GOLD WORK
A metal thread technique.

HISTORY
Goldwork is a metal thread technique as old as the arts of goldsmith and weaver. The beauty lies in the range of colours, the texture of bullions and purls and the way it is couched down, catching the light.

Pure gold is beaten into thin sheets and cut into strips. It was sufficiently malleable to work into warps, stitch through open weaves and wind around a silk core to couch onto the fabric.

Later gold thread was made by covering a silver wire with gold coating which was drawn out into any thickness. The thread was then hammered flat and wound round a core of silk or synthetic yarn for couching, or it could be spun and drawn through a series of holes in diminishing sizes until the thread was fine enough to spiral into purls (fine wire spiralled into a hollow spring) and bullions (bulky purls) which can be cut and used as gold beads. Today gold plating has been overtaken by plated alloys and synthetics.

TECHNIQUE
Gold work is different from most other types of embroidery because most gold thread is couched down. Thus it is akin to jewellery or even sculpture because the surface appears faceted as the light catches different angles of the thread which padding accentuates.

Gold work was and is used in ecclesiastical work and the gold yarn, real gold, was very valuable.
In history, gold from garments was exchanged for money for ammunition, especially during the Napoleonic Wars. Thus people often raided gold from garments, banners and ecclesiastical work.

In England there were laws to forbid folk other than royalty or nobility from wearing gold.
William the Conqueror imprisoned people who wore gold.

PARFILAGE or DRIZZLING was common. A special instrument like an unpicker was used to remove gold thread from garments. In her diary, a duchess complained at afternoon tea, someone drizzled gold from her garment. In the Vatican, ecclesiastical garments are kept in glass cases and often one can see the lines where the gold has been removed.

Copes were kept in large semi circular locked oak cabinets which stood on legs. The legs were poisoned so that rats could not run up and chew through. Other cabinets had a wide round disc around the legs.

RONDALS
As real gold was so expensive, the gold embroidery was worked on rondals and appliquéed onto the fabric. When the fabric wore out the rondals were removed and stitched onto another garment.
Rondals were round in shape indicating infinity - going on forever.

OR NUE (Burgundian embroidery or Italian shading)
This is a method of laying gold thread to completely cover an area, with no background fabric visible.
OR NUE arose from the painting and enamelling that was fashionable in 14th century Burgundy and
was used extensively in ecclesiastical embroidery and for religious symbols such as bishop’s crests.
This was the introduction of colour into gold embroidery.

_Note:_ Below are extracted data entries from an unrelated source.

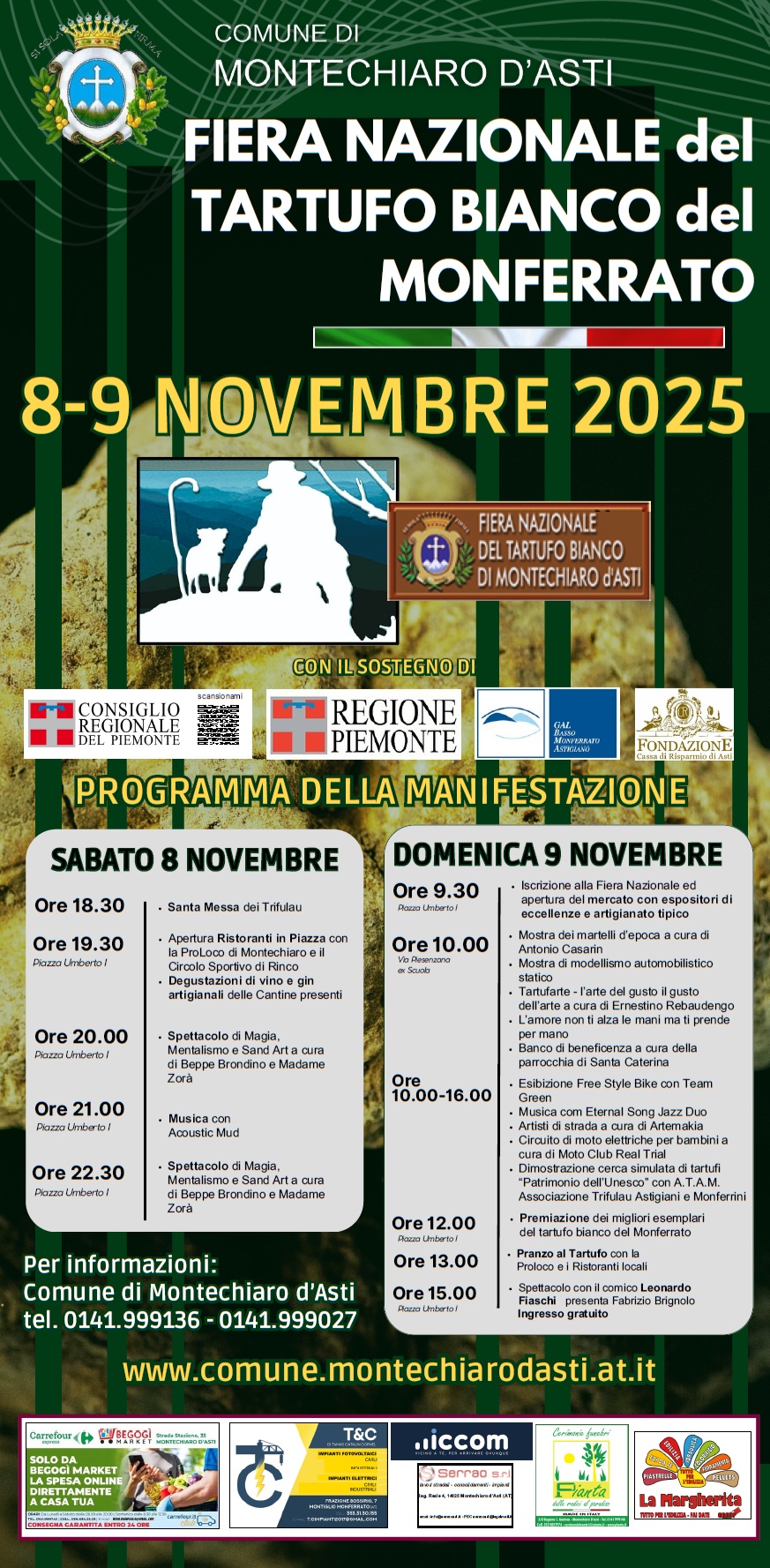 37 ^Fiera Nazionale del Tartufo Bianco di Montechiaro d’Asti DOMENICA 9 NOVEMBRE 2025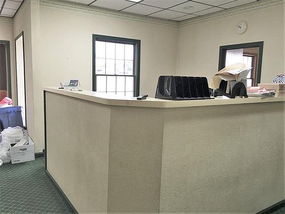 This 2100 Sq ft commercial building can be utilized as one or two units. Lower level was previously a dentist office consists of 1500 square ft. 7 offices. 2 Restrooms. Prep Area/lab with sink. Reception Area, waiting room. Upper unit is rented separately as office space and consists of 600 square ft. Utilities are separated. Newer heat pump with gas backup downstairs and electric heat pump upstairs. Move in ready. High traffic location near intersection.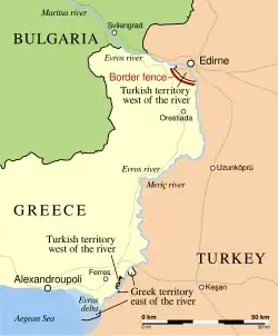 | Greece–Turkey border Σύνορα Ελλάδας–Τουρκίας Türkiye–Yunanistan sınırı | |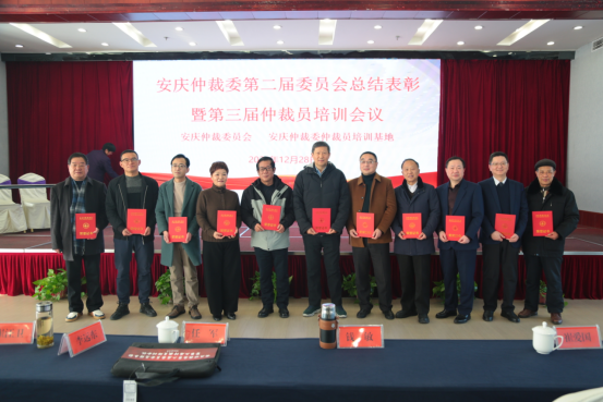 崔汪卫在大会上宣读了《安庆市人民政府办公室关于第三届安庆仲裁委员会组成人员聘任名单的函》。孙晓霞宣读了第二届安庆仲裁委员会优秀仲裁员的名单。大会对荣获“优秀仲裁员”称号和“仲裁贡献先进个人”的仲裁员进行了表彰并颁发荣誉证书。

The gold thread, usually in pairs, is laid in horizontal straight lines and couched over in a coloured thread . as often and as closely as required by the design. Areas not requiring colour, used self-coloured silk or transparent thread. Because the couching thread MUST be vertical, there is often distortion in the design such as faces. The aim is to create an impression rather than exact reality.